Exogenous WT BMDM decrease lung inflammation and infection in vivo. CF mice (n = 12) and WT controls (n = 10) were chronically infected with P. aeruginosa and followed for up to 10 days. Mice were infused with 10⁶ WT BMDM at day 1 post-infection. Animals were euthanized and evaluated for (A) white cell count, including a decrease in neutrophils (insert), (B) gross lung pathology and (C) P. aeruginosa infection burden. Treatment with bone marrow derived macrophages resulted in significantly (*) decreased recruitment of white blood cells improved gross lung pathology score and bacterial burden (p < 0.05).

FIGURE 5

hMSCs improve BMDM Inflammatory Response to Pathogens. CF BMDM (n = 3) preparations and WT BMDM (n = 2) treated with LPS demonstrated IL-6 and TNFα secretion. This was used as to explore the suppressive capacity of three different bone marrow donor hMSC supernatants. LPS stimulated CF and WT BMDM produce both IL-6 and TNFα. Treatment of the different BMDM preparations with the different hMSCs donor preparations resulted in cumulative decreased IL-6 (p ≤ 0.05) and TNFα (p ≤ 0.05) regardless of whether the BMDM were derived from CF (A,B) or WT mice (C,D). This is consistent with previously published data (Leyendecker et al., 2018).

FIGURE 6

hMSC Effect on PPARγ and TNFα expression. BMDM from CF patients and CF mice were evaluated for PPARγ (A). Sputum was obtained from CF patients (n = 3) and compared to healthy control (n = 3), demonstrating deficient PPARγ (p ≤ 0.05).
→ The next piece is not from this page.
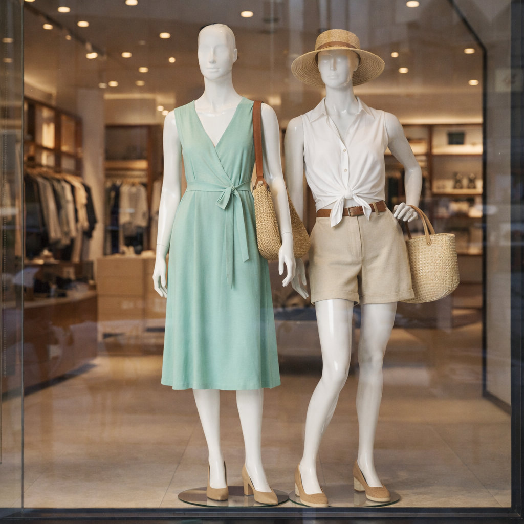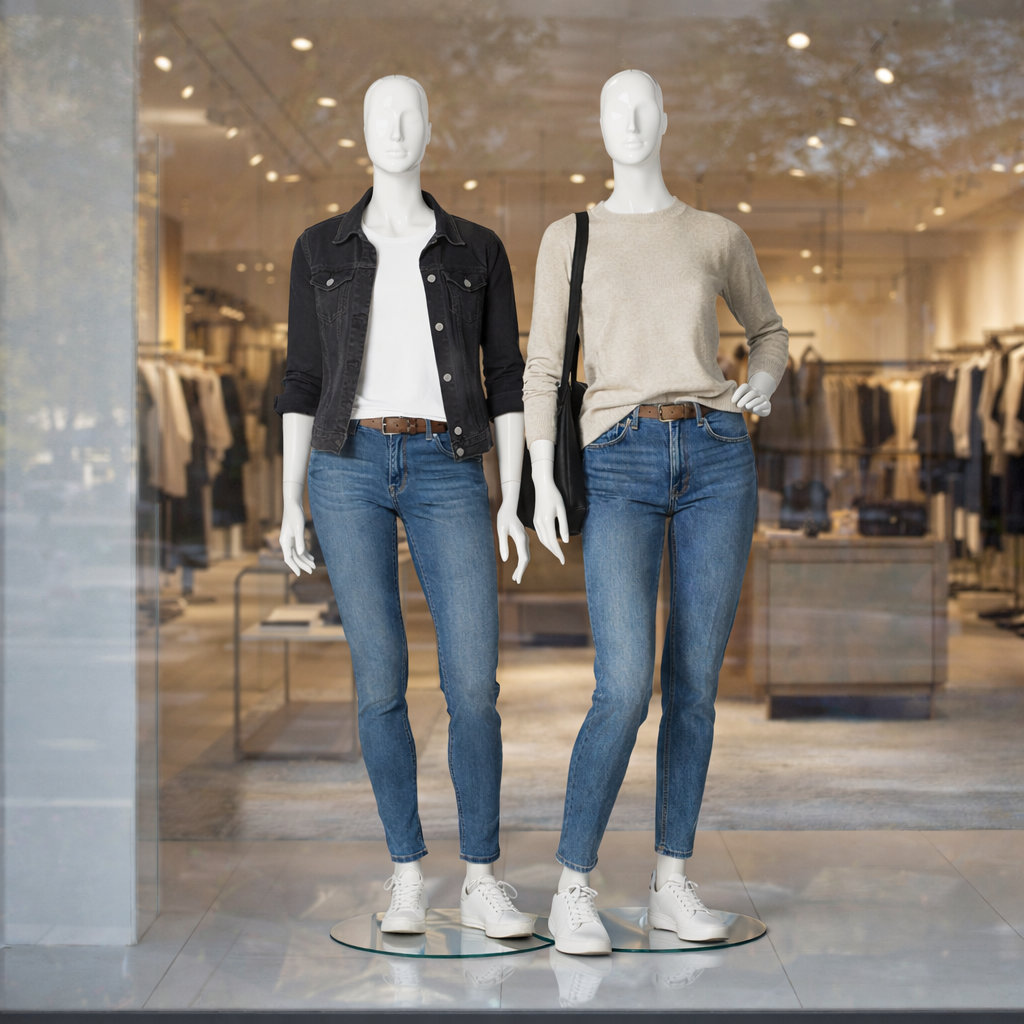 - Lieferumfang: Schaufensterpuppe inkl. runder Glasstandplatte

BMDM from Cftr deficient mice also had deficient expression of PPARγ (p ≤ 0.05). (B) BMDM were stimulated with LPS and processed for PPARγ and TNFα gene expression demonstrating a decreased of PPARγ (p ≤ 0.05) and increased TNFα (p ≤ 0.05) relative to the unstiluated control of PPARγ and TNFα (2.1 ± 0.07 dCT and 1.7 ± 1.0 dCt respectively, n = 3) at baseline. The same culture conditions were done in the presence of hMSC condition medium. hMSC supernatants increased PPARγ and decreased TNFα (p ≤ 0.05) above the baseline controls.

FIGURE 7

Immune supportive therapy model for cystic fibrosis. Patients with CF early become infected with pathogens which contributed to the triad of infection → inflammation → lung-damage. The lung damage continues to create a pulmonary milieu that is susceptible to infection, so the triad continues resulting in the vicious circle of that is pathologic in CF. The feasibility of providing immune support focusing on hMSCs and BMDM which could be harnessed to skew the balance of the host response to infection and establishing chronic inflammation. Macrophages and hMSCs both have their potential roles in providing clinical efficacy and potency, but the key is likely how they interact in vivo. Macrophages defining the hMSC phenotype due to the milieu elicited and the contribution of the functionally tissue cued hMSCs to support the resolution toward homeostasis and tissue recovery. The hematopoietic approach would minimize the CFTR induced damage to the lung and other tissue, while at the same time promoting the patient’s management of their internal milieu. CRISPR/Cas9, the advent of iPSC cells and other gene editing technologies opens the door toward the potential adding corrective immune support in CF.